Thursday, January 20, 2011

The Queen of Hearts, She Made Some Tarts

Well, I am not exactly the Queen of Hearts, but I did make a tart. A Meyer lemon tart, to be precise. I wasn’t kidding before about how much I love Meyer lemons. I LOVE them. 

You see, for Christmas I got Alice Waters’ The Art of Simple Food, which I read cover to cover. In it, Alice makes lemon curd. I love Meyer lemons (in case you hadn’t caught that yet) and curd seemed the perfect application for them. Making the curd itself was incredibly easy – some eggs, some lemon juice and zest, some sugar, some salt. Cook until it thickens and refrigerate. Here are some pics of the process.

Ingredients all set to be heated gently.

Lemon curd is starting to thicken.

So pretty in that glass jar.

One of the unintended benefits of making lemon curd is that your whole home smells faintly of lemon. Which was just plain nice until Meredith came over and asked me if I had just cleaned. No! It was the lemon scent. Brilliant. So now I have a new pre-party trick when I run out of time because making lemon curd sure is faster and more fun than cleaning.

Once I had the lemon curd on hand, I had to figure out what to do with it. Because as you can see from the above photo, I had a good two cups of lemon curd. Rather more than I'd need for, say, a piece of toast. Conveniently, Alice suggests pairing it with a pate sucree crust (which is kind of like a sugar cookie crust) in tart form. I had a birthday party brunch coming up for my friend Katie, and this seemed like it would be a lovely thing to bring.

Spreading the lemon curd in the tart crust with my new-ish offset spatula.

It was at this stage in the process where I totally and utterly screwed up. You are supposed to blind bake the tart crust (i.e. bake it with no filling) first, then fill it, and bake it again until the filling sets. I forgot to blind bake it. So I put the filling in the raw crust. I realized my mistake once the tart was in the oven and it was too late to recover. I am happy to announce that the tart still came out edible, although the crust was not anything approximating crisp on the bottom and rather had to be scraped off the tart pan bottom. Boo. Luckily, my friends are forgiving upon being presented with homemade food. Thanks friends!

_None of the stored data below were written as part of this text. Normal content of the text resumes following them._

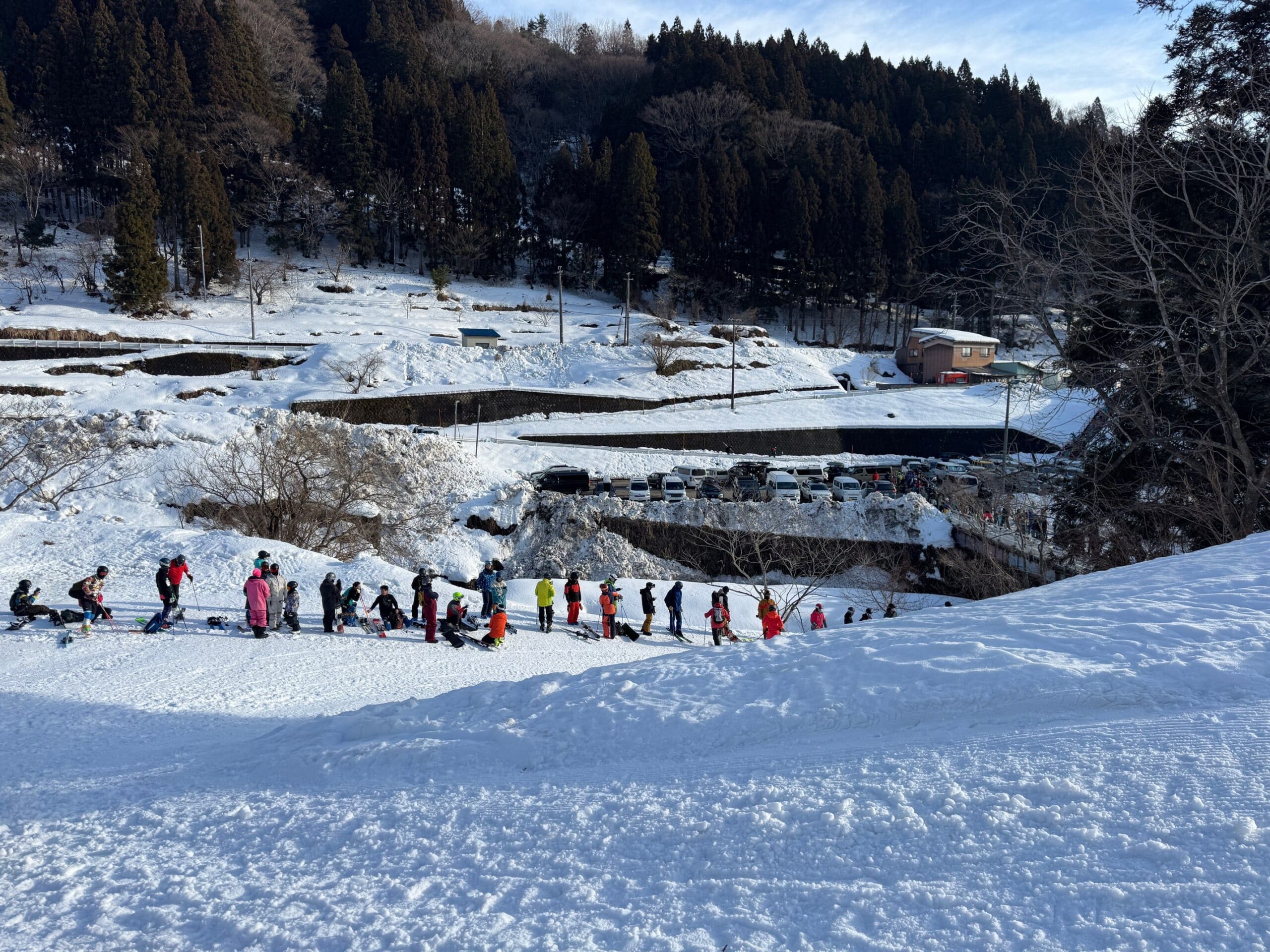 この日は、プライズテストの事前講習もあったのでリフトにはかなりの列ができていて、橋を渡ったところのリフト乗り場からゲレンデを登って列が続いていました。
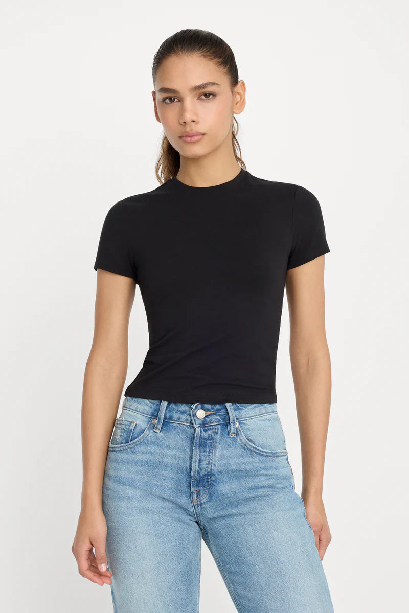 There’s something about a perfectly fitted tee that makes getting dressed feel easy again. The Good American Super Stretch Baby Tee is that wear-on-repeat essential — soft, flattering, and designed to hug in all the right places without feeling tight. Made from a breathable blend of 94% cotton and 6% spandex, it has that comfortable, broken-in feel with just enough stretch to move with you. The shorter, modern length makes it ideal for pairing with high-rise denim, giving you a clean, streamlined silhouette that feels current but still completely wearable for real life. It’s simple, versatile, and exactly the kind of piece that makes your closet work harder.
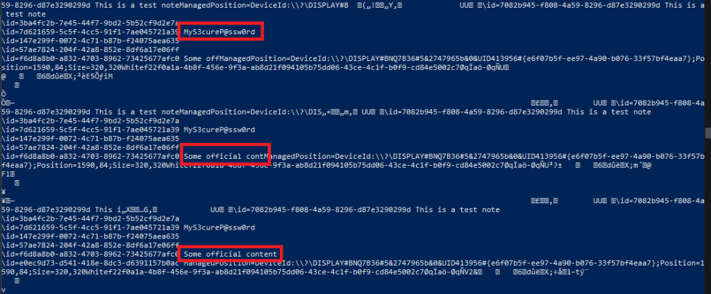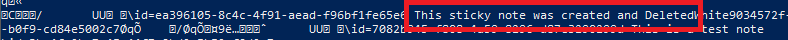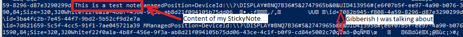 - The content of a Sticky Note is in clear text but in between gibberish when the file is read directly on PowerShell (you’ll see that in a bit.)

At least the part of the crust you can see looks like it's supposed to!

Alice’s lemon curd recipe is actually quite tart – no pun intended, I swear! – and could probably benefit from a touch more sugar. To solve this in the tart (and, let's be honest, also to help mask the crust error), I decorated the top with some mascarpone I had on hand, whipped with whipping cream and a bit of powdered sugar. A tart seems the perfect vehicle for a little fancy star tip frosting, I think. I ended up doing a lattice pattern to try to maximize the amount of mascarpone cream on top, without completely obscuring the pretty yellow curd. Surely “pretty,” “yellow,” and “curd” are not words often seen together. But it was.


Happy 30th Birthday Brunch Party, Katie!